How to verify at runtime that architecture matches -march=?
Asked Answered
B

1

8

We compile our code with g++ -march=ivybridge -mtune=skylake. In case somebody runs on older/incompatible architecture I want app to inform and exit gracefully. How do I do this? How about AMD processors? Is there some sort of parity of architectures/instructions?

Burgee answered 18/9, 2020 at 9:18 Comment(6)
Do you mean cpuid?Guadalupe
You would need to have separate runner compiled for any architecture that will either report error or run your specifically compiled program. This seems like safe generic solutionDevoirs
/proc/cpuinfo might have some useful infoDionysian
On x86, you can maybe use __builtin_cpu_supports in main in a source file compiled without any -march (i.e. baseline). As @Devoirs points out, you can't safely run any code compiled with -march=xyz on a machine that might be older than xyz. See does gcc's __builtin_cpu_supports check for OS support? . But in theory you'd have to check every single feature, not just SIMD ones like AVX.Drais
__builtin_cpu_is("ivybridge") is only true on IvB, not IvB-and-later (false on Skylake for example). gcc.gnu.org/onlinedocs/gcc/x86-Built-in-Functions.html. Enumerating all known CPU models now would create a binary that refuses to work on next year's new CPU, so that's terrible, ruling out that idea.Drais
(Also, note that Haswell is the ISA that introduced AVX2 and FMA for Intel, and BMI1 / BMI2. IvyBridge is missing a lot of really useful stuff. So you might want some multiversioned functions, depending on your application, if you can't target an AVX2 + FMA + BMI2 baseline.)Drais
H
6

This is surprisingly difficulty, as well as being compiler-specific. I'll cover techniques usable with gcc, then clang, then alternatives. Bear in mind that the information presented is correct as of late 2023; it could change in future.

Determining the target processor

Note: you can skip this if you fully control the build system, since you can just pass e.g. -march=skylake -DMARCH=skylake, but it's worth reading anyway since some techniques will be reused later.

gcc (in ix86_target_macros_internal) sets preprocessor macros corresponding to the processor; so if you have a list of supported processors (e.g. extracted from processor_names) you can test each of these macros (using #ifdef or, inside a macro, using https://mcmap.net/q/1045110/-test-if-preprocessor-symbol-is-defined-inside-macro).

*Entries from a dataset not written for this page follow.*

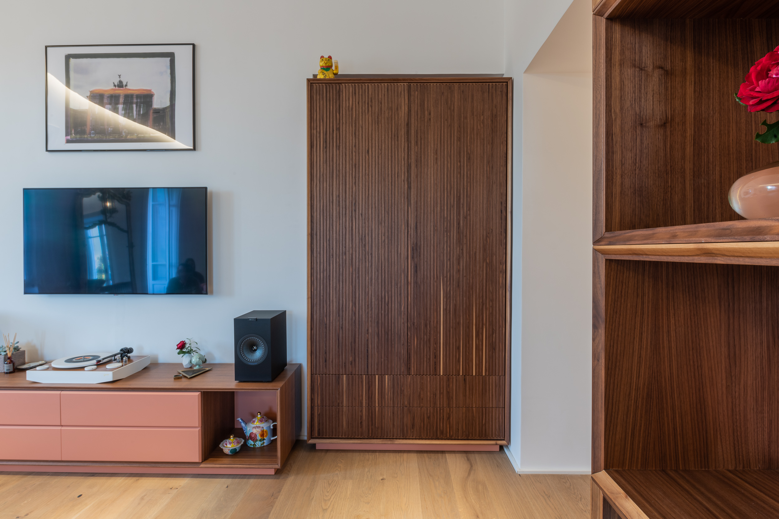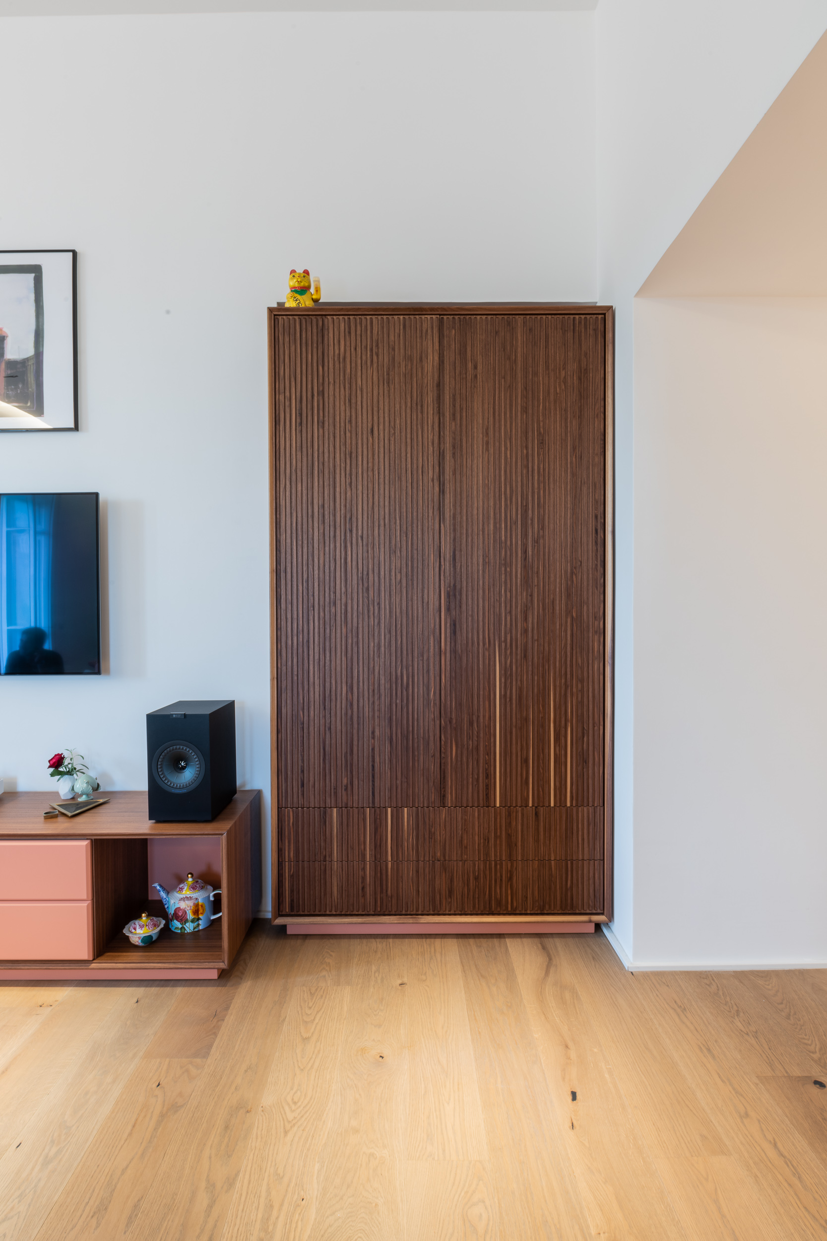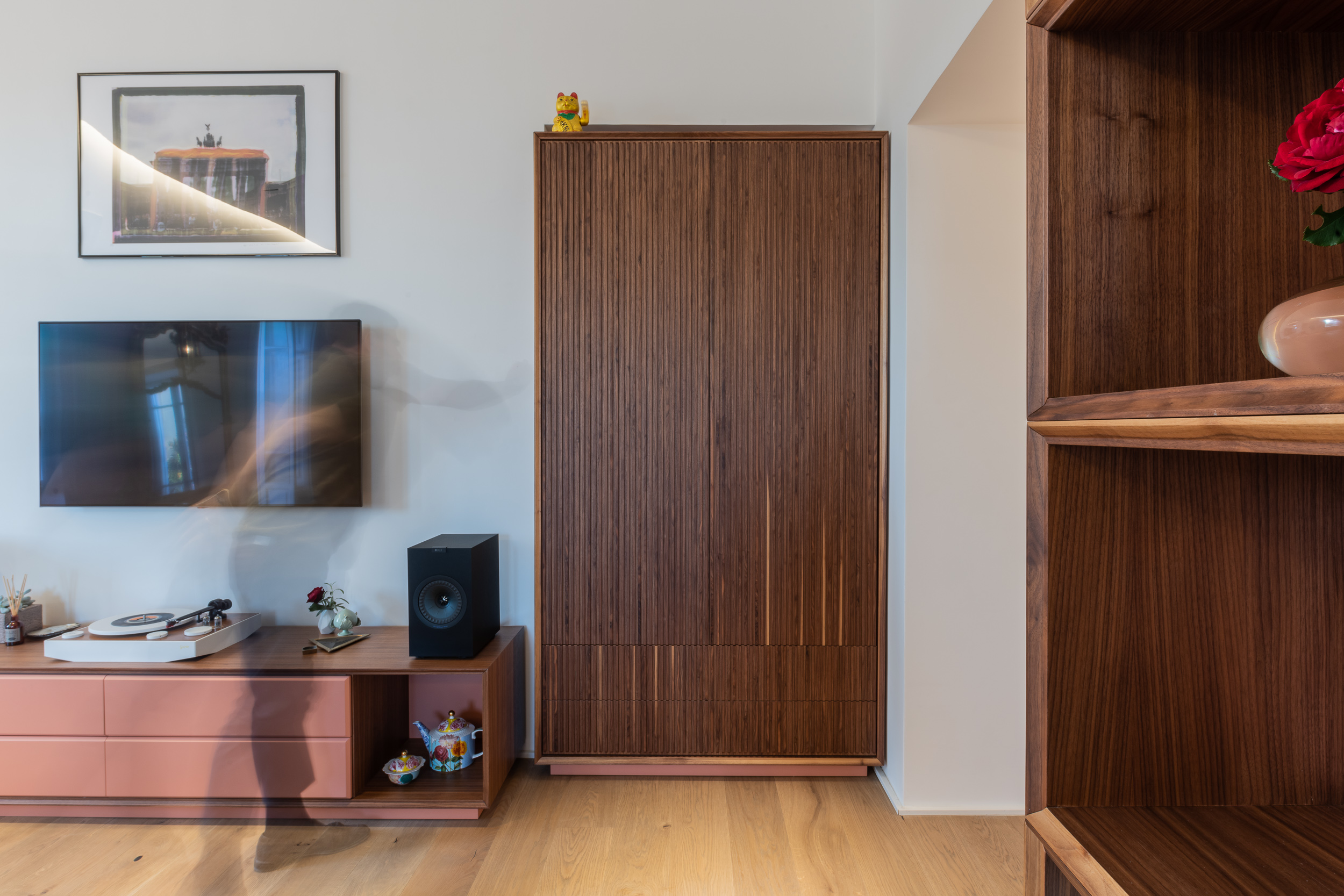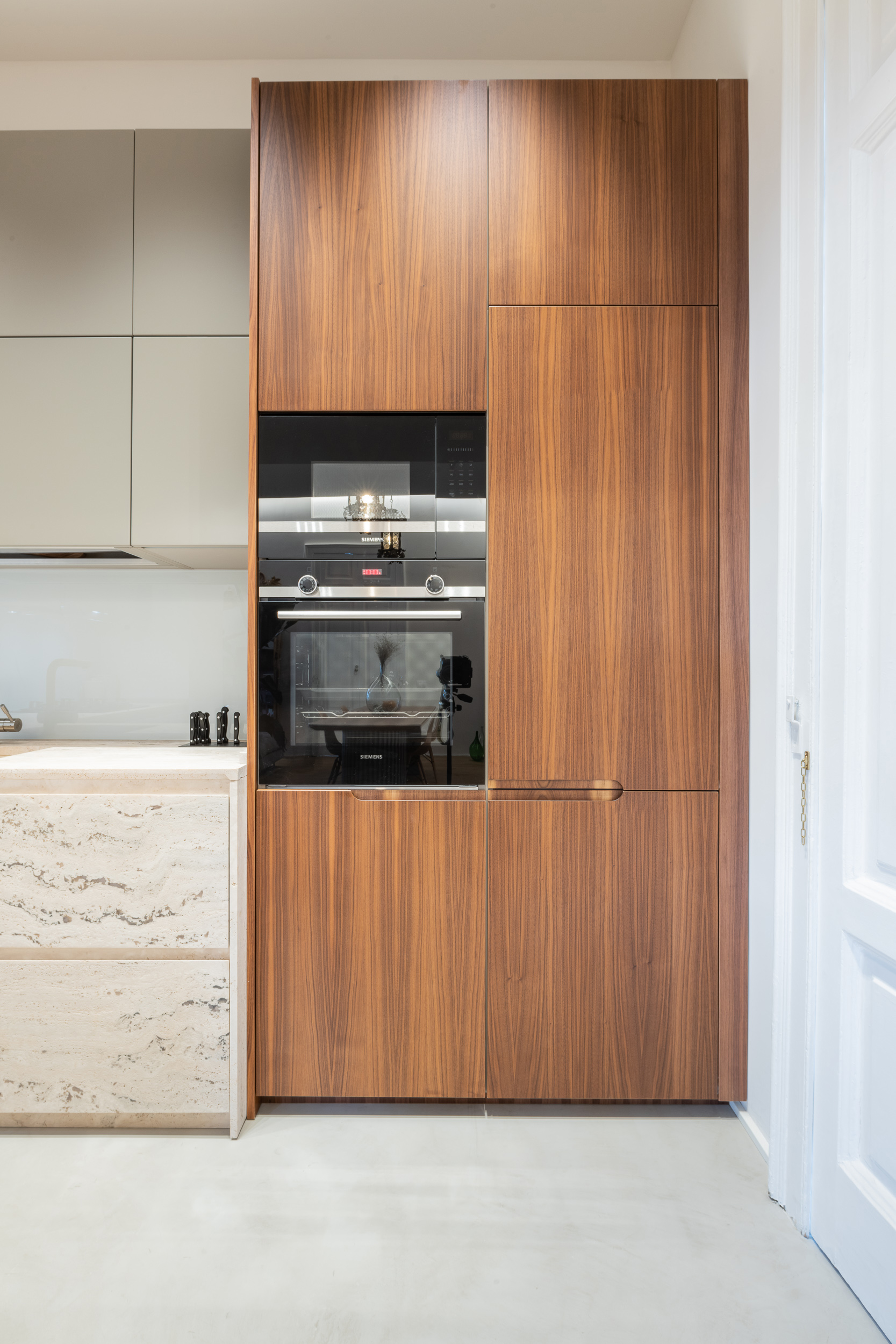 L’appartamento di circa 100 metri quadri si trova all’interno di una villa Liberty degli inizi del Novecento. Il progetto ha interessato tutta l’abitazione, in cui sono stati ridisegnati interamente gli spazi. Il fulcro della casa è una grande zona living, con ambienti contigui di cucina e soggiorno. Mentre la zona notte è contrassegnata dalla zona patronale, con camera da letto, bagno e cabina armadio, e un’altra stanza con bagno. In questa casa abbiamo mantenuto alcuni elementi storici, come gli scuri dell’epoca, che si contrappongono ad altre rifiniture moderne.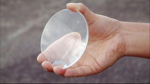 Wenn wir Papier im Sonnenlicht unter eine Lupe halten, brennt es, denn die Lupe bündelt die Sonnenstrahlen. Sie werden im Brennpunkt so heiß, dass sich das Papier entzündet. Aber wie wird Licht gebündelt? Das Geheimnis steckt in der Form der Lupe: Sie ist gewölbt. Brauchen wir eigentlich Glas oder können wir auch mit Eis Feuer machen, wenn wir es wie eine Lupe formen? Um das herauszufinden, verpasst unser Team einem 200 Kilogramm schweren Eisblock den richtigen Schliff.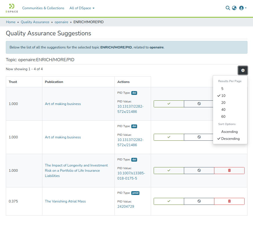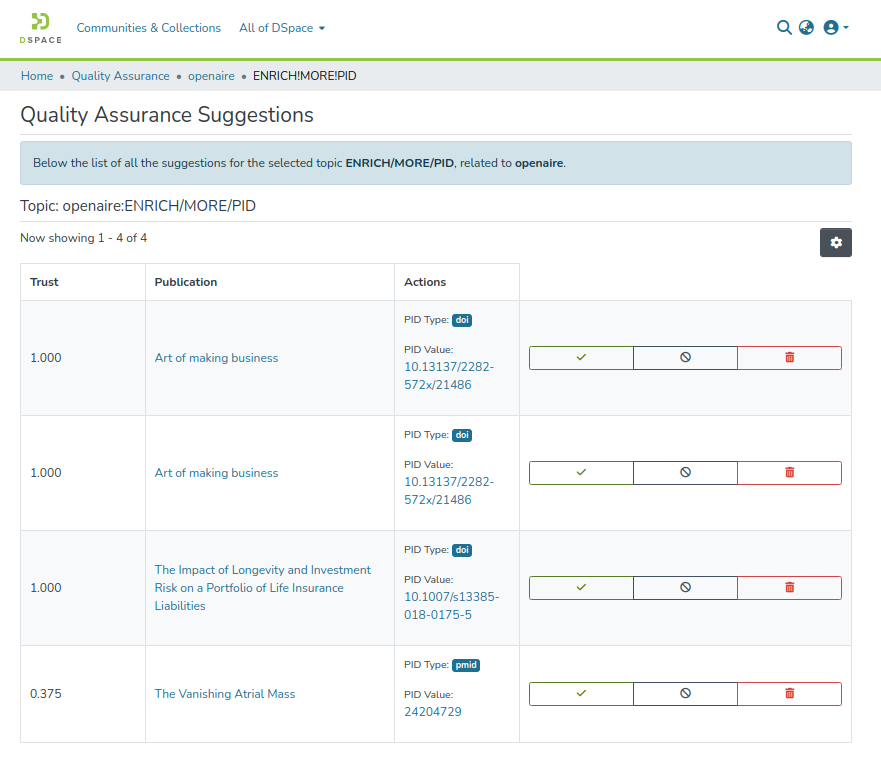 Below a screen of possible missing abstract events, where the repository manager will be able to check the current local publication record clicking on the title and scroll the abstract reported by OpenAIRE. Accepting the suggestion, the local record will be enriched with this extra information. The Ignore suggestions button is instead intent to be used to discard a notification without flagging it as wrong. This is important because the OpenAIRE Graph process the data from the repository not in real-time so it can happen that a local record has been updated recently with information not yet known to OpenAIRE. In such scenarios it could be possible that the repository manager prefers to keep the local version but this should be not reported to OpenAIRE a wrong suggestion as this feedback can be used to improve the OpenAIRE guessing capabilities. In contrast a wrong suggestion should be rejected so that OpenAIRE can learn from that.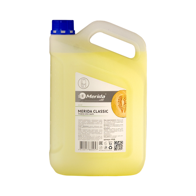Жидкое кремовое мыло Мерида ароматизированное запах дыни. Подходит для дозаторов / диспенсеров наливного типа.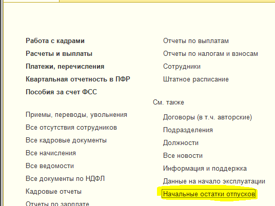 – С начала этого года начали работать в «1С:Зарплата и управление персоналом 8», ред. 3.0. На начало года необходимо внести остатки отпусков по сотрудникам. Подскажите, пожалуйста, какими документами отразить остаток?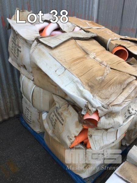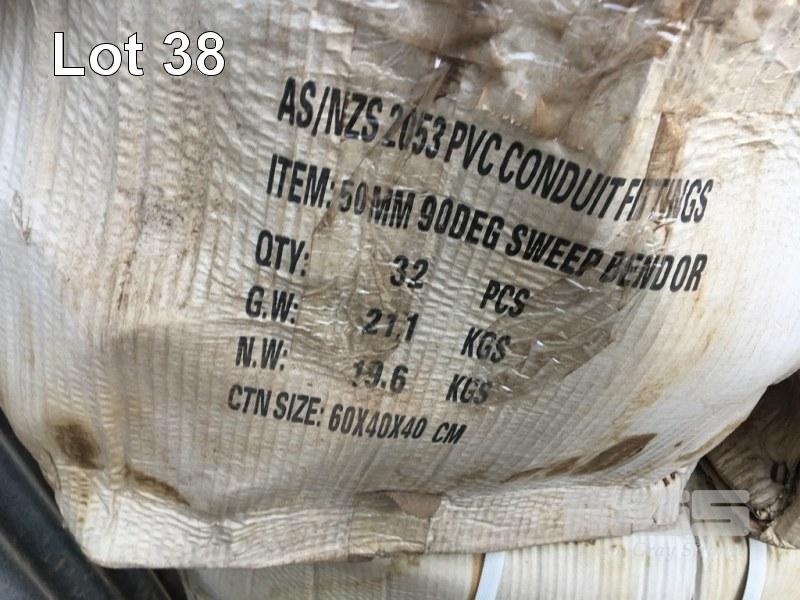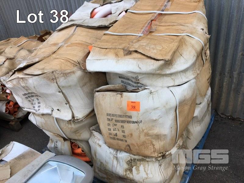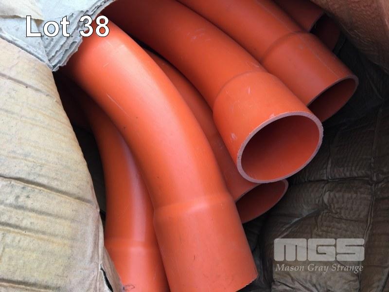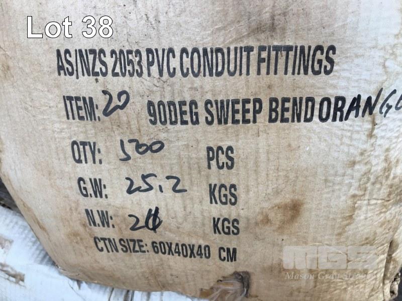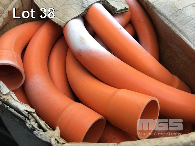 PVC CONDUIT FITTINGS, ORANGE, 90 DEGREES, SWEEPING BENDS, SIZES INCLUDE 6 x 100mm, (1 x BOX) 12 x 80mm, (1 x BOX), 20 x 63mm, (1 x BOX) & 64 x 50mm (2 x BOXES), 240 x 40mm (4 x BOXES), 120 x 32mm (1 x BOX) & 500 x 20mm (1 x BOX) 1 x PALLET

Schematically:

char const* target_processor() {
    // ...
#if __skylake__
    return "skylake";
#endif
#if __skylake_avx512__
    return "skylake-avx512";
#endif
    // ...
}

Note that you will probably want to ensure that a compile error occurs if none or more than one of the macros is set, since in that case you would want to update your code.

Determining the runtime processor

gcc provides __builtin_cpu_is for exact processor detection. Note that the argument must be a string literal, since internally this is converted to checking integer fields on the __cpu_model global, which is set by cpu_indicator_init called from __builtin_cpu_init. So again you can list known processors:

char const* runtime_processor() {
    // ...
    if (__builtin_cpu_is("skylake"))
        return "skylake";
    if (__builtin_cpu_is("skylake-avx512"))
        return "skylake-avx512";
    // ...
    return "unknown";
}

Note that you will need to handle the case of unknown processors, since your code could be run on a newer processor than gcc knows about!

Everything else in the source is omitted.